2017 Financial Stability Report
Published: December 5, 2017
The OFR’s Financial Stability Report presents our annual assessment of U.S. financial stability. The financial system is now far more resilient than it was at the dawn of the financial crisis 10 years ago. But new vulnerabilities have emerged.
In developing our financial stability assessment this year, we kept in mind that the United States has begun a two-year period of 10-year anniversaries of key events from the 2007-09 global financial crisis. Anniversaries encourage reflection on the events of the past, the reactions to those events, and the lessons learned. Anniversaries of massively disruptive events such as the crisis lead to hard questions: How does today differ? Are we better positioned to withstand the next crisis?
From this perspective, we can see that the crisis was a turning point. In response, both financial regulation and industry practices changed substantially. These changes have brought us closer to a resilient system, one where we are better able to see problems and absorb shocks. But as we explain in this report, there are vulnerabilities that require attention. Some of those vulnerabilities have emerged in reaction to post-crisis innovations in technology, regulation, and business models.
Key Threats to Financial Stability
Chapter 1 highlights three vulnerabilities that have been building and are of most concern today. First, cybersecurity incidents have become a greater concern for the financial system since the crisis. Second, the disorderly resolution of a failing systemically important financial institution remains a risk. Third, financial market structures are evolving, sometimes lowering costs and promoting efficiency, but also raising potential new concerns.
Cybersecurity incidents rank near the top of our threat assessment because of the potential for disruption of networks and the damage such disruptions could cause to financial stability and the economy.
New tools have been developed to make the orderly resolution of a failing systemically important financial institution more likely. Still, the failure of a large financial firm could amplify and transmit distress and possibly trigger a financial crisis. The resolution process under either U.S. bankruptcy law or a special resolution authority has potential weaknesses for handling a failure of a global systemically important bank.
Financial market structures continue to evolve in response to competitive forces, innovation, regulatory changes, and financial disruptions, among other factors. This report discusses potential vulnerabilities of market structure that bear monitoring. They could make the financial system vulnerable to shocks that threaten liquidity and price discovery.

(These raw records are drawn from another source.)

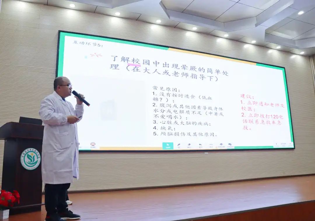 天氣日漸炎熱,校園中不時會出現(xiàn)同學(xué)暈厥的情況,蔣醫(yī)生通過提問的方式讓孩子們闡述出現(xiàn)暈厥的原因。 孩子們回答后,蔣醫(yī)生專業(yè)的解釋到出現(xiàn)暈厥的常見原因:1.沒有按時進(jìn)食(低血糖)2.腹瀉或其他因素導(dǎo)致身體水分或電解質(zhì)不足(中暑或不愛喝水)3.心臟或大腦的疾病4.缺氧5.盧顱腦損傷及其他原因。 如果出現(xiàn)身邊的人發(fā)生暈厥情況你會怎么辦呢?蔣醫(yī)生建議:1.立即通知老師及校醫(yī)2.立即撥打120電話聯(lián)系急救車急救。
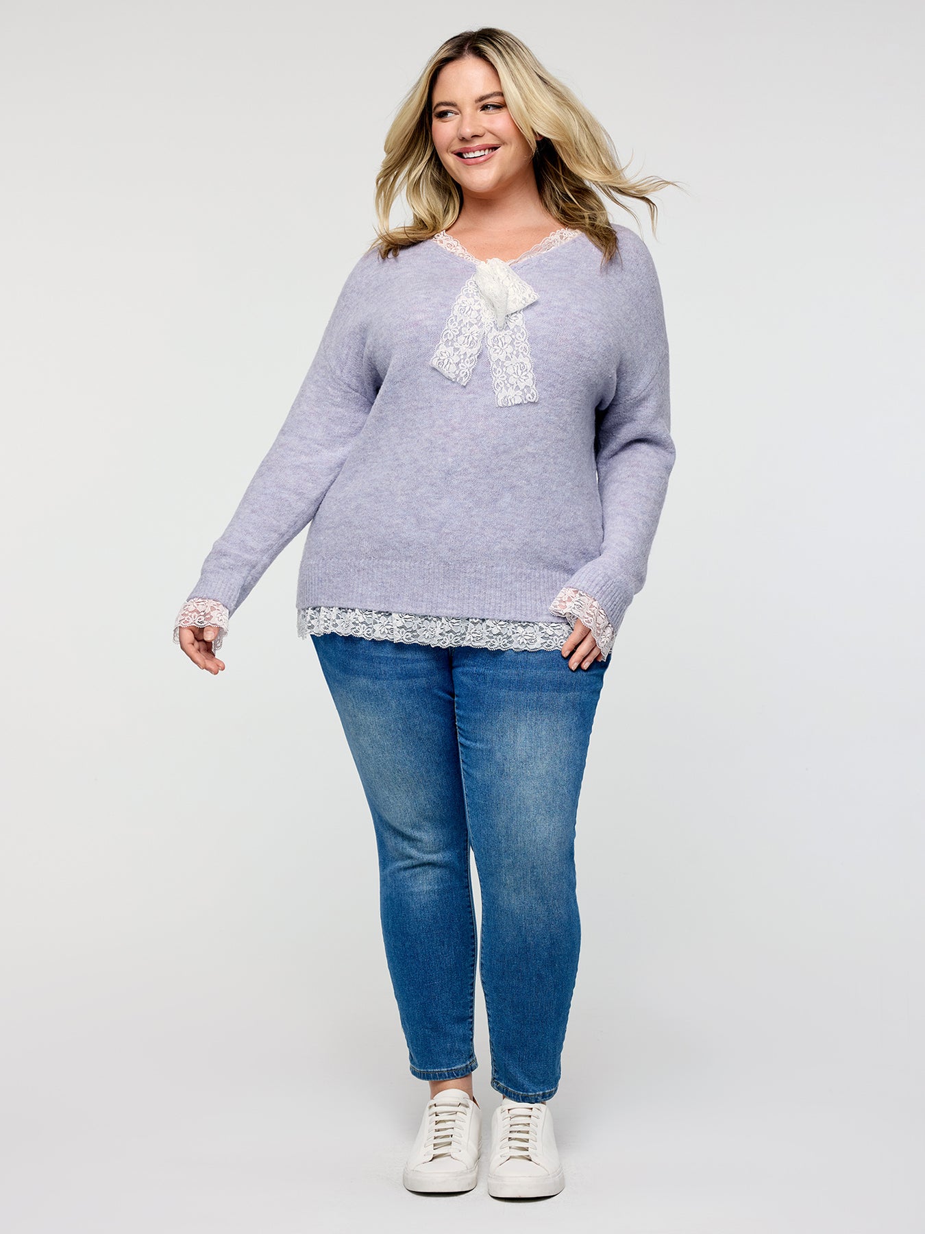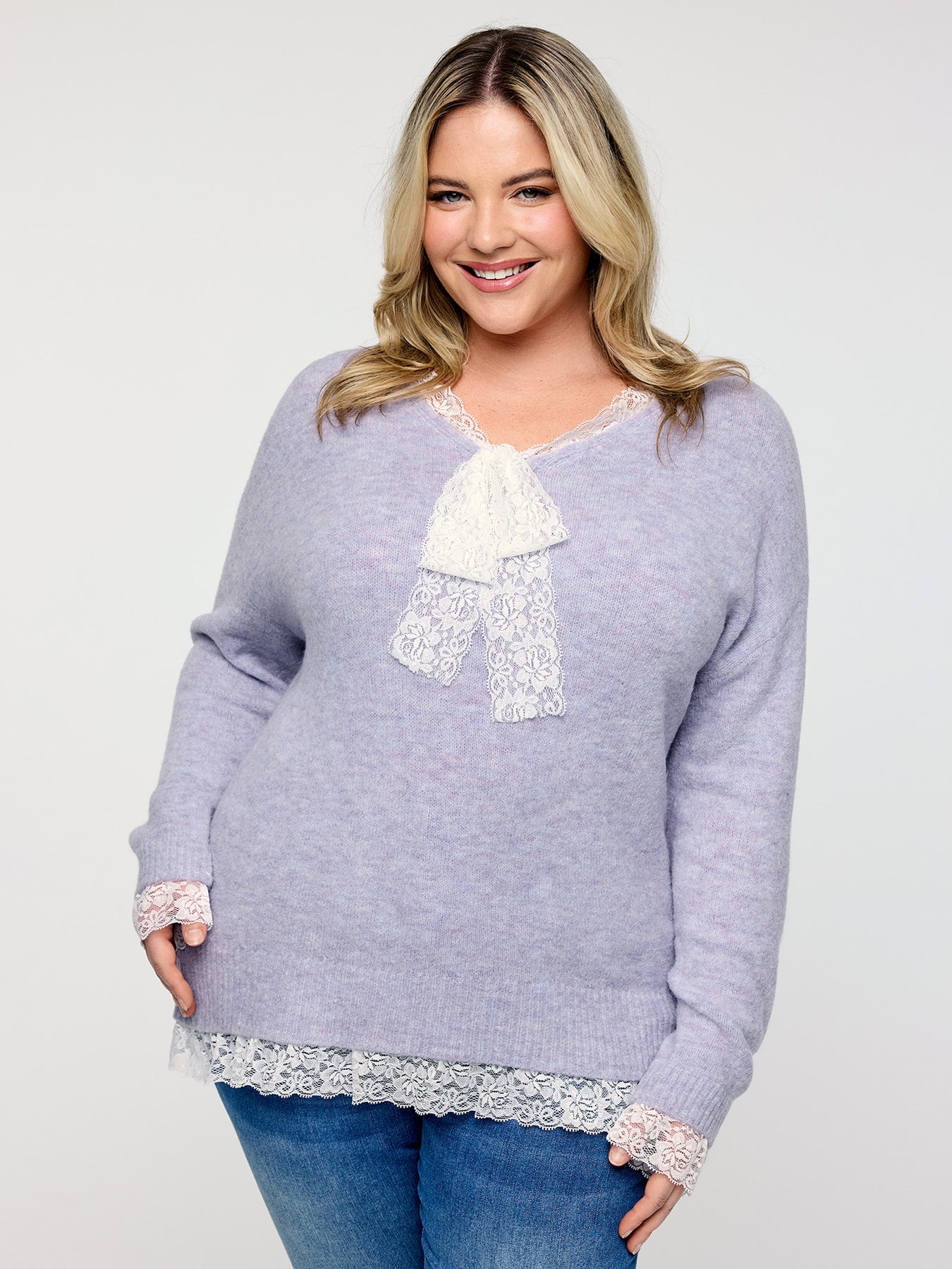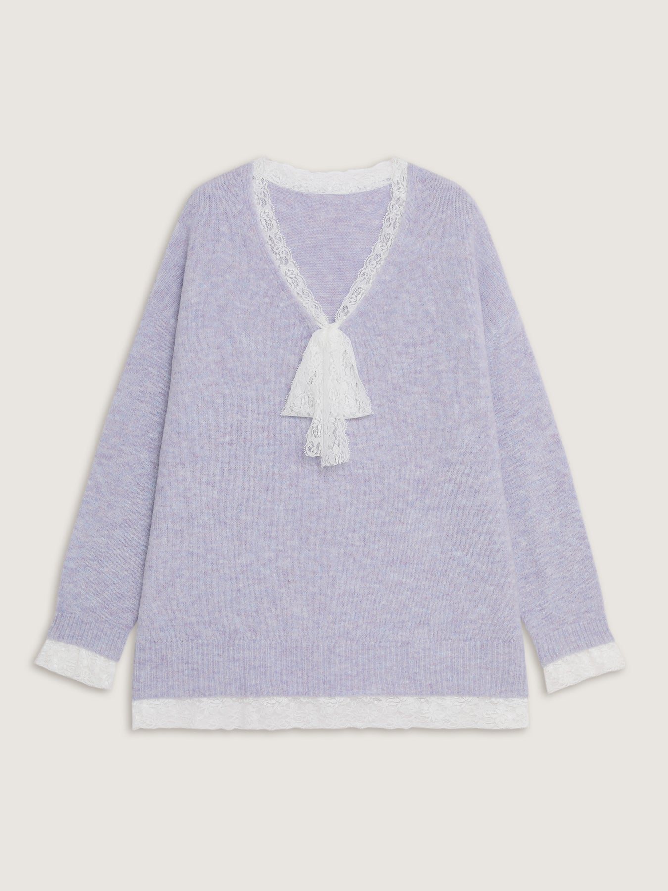 Lace Bowtie V-Neck Pullover
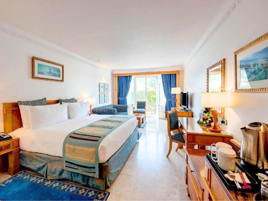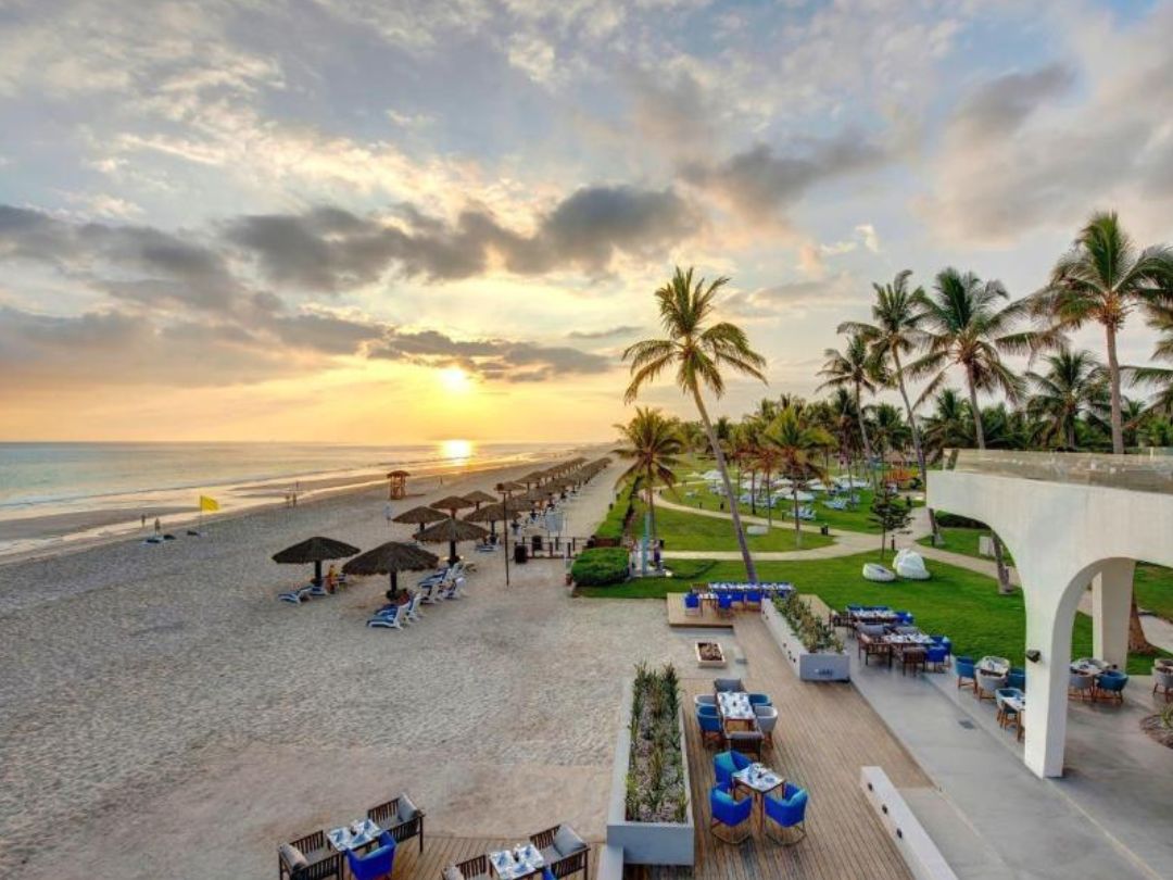Resort internazionale di alto livello, con camere ampie e luminose e aree comuni decorate con vetrate colorate e rosoni ispirati alla vita degli Areesh, popolazione beduina locale. Tra i più caratteristici della zona, è una vera oasi nel deserto, immersa in un palmeto curato e affacciata sulla lunga spiaggia bianca di Salalah e sul mare turchese.
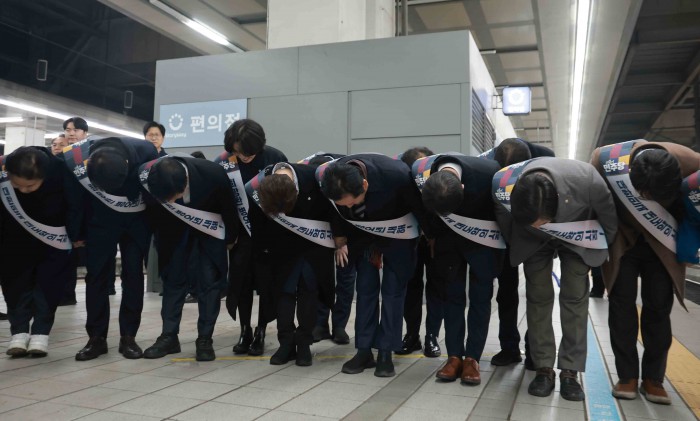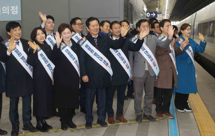 [서울=뉴스핌] 윤창빈 기자 = 더불어민주당 정청래 대표와 한병도 원내대표 등 최고위원들이 13일 서울 용산구 용산역에서 설 명절 귀성 인사를 하고 있다. 2026.02.13 pangbin@newspim.com
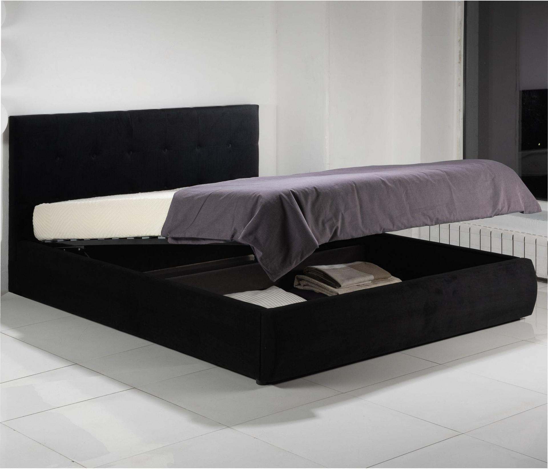 Кровать Селеста с высоким оригинальным изголовьем и подъемным механизмом имеет рельефную мягкую спинку с неглубокими стяжками, которые придают особую изысканность изголовью.
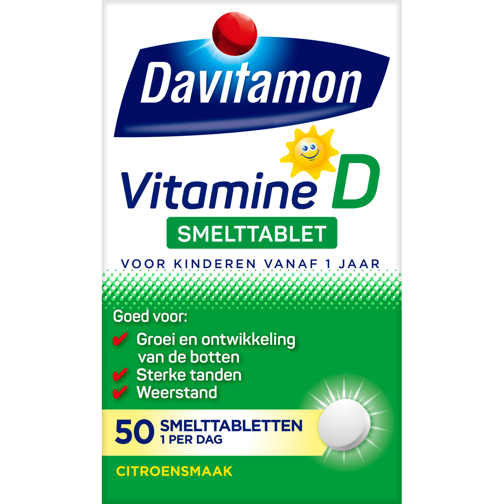 Deze smelttabletten bevatten vitamine D, wat essentieel is voor de opbouw van sterke botten en tanden. Davitamon Vitamine D Kind Smelttabletten zijn speciaal ontwikkeld voor kinderen vanaf 1 jaar.
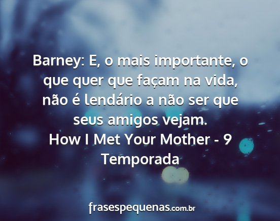 Barney: E, o mais importante, o que quer que façam na vida, não é lendário a não ser que seus amigos vejam.How I Met Your Mother - 9 Temporada
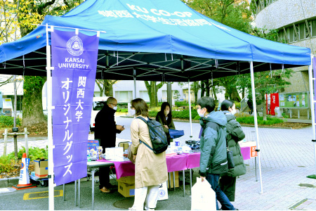 正門奥の時計台付近では、関西大学のオリジナルグッズ販売が行われ、父母の皆さまは笑顔でグッズを手にとられていました。

Financial Stability Assessment
Chapter 2 concludes that overall financial stability risks remain in a medium range, although market risks are elevated. We based our assessment on our Financial System Vulnerabilities Monitor heat map and related analysis. As described in Chapter 2, our assessment covers the six key risks in the heat map: (1) macroeconomic, (2) market, (3) credit, (4) solvency and leverage, (5) funding and liquidity, and (6) contagion. Vulnerabilities in these areas can originate, amplify, or transmit shocks and stress. These vulnerabilities have been central in many financial crises, not just the recent one. At the same time, our Financial Stress Index — a real-time measure of stress — has been falling in 2017 and is near its lows since the financial crisis. That low reading reflects not only current subdued levels of market volatility, but also, perhaps, complacency about the future.
Improved transparency, regulatory policies, and risk-management practices have also made the system more robust against shocks. Regulators and risk managers now have a greater focus on stress tests and a better understanding of risks. Compared to the pre-crisis period, banks are more resilient, with more capital and better liquidity risk management. At the same time, a handful of complex institutions with a range of nonbank activities increasingly dominate the banking industry.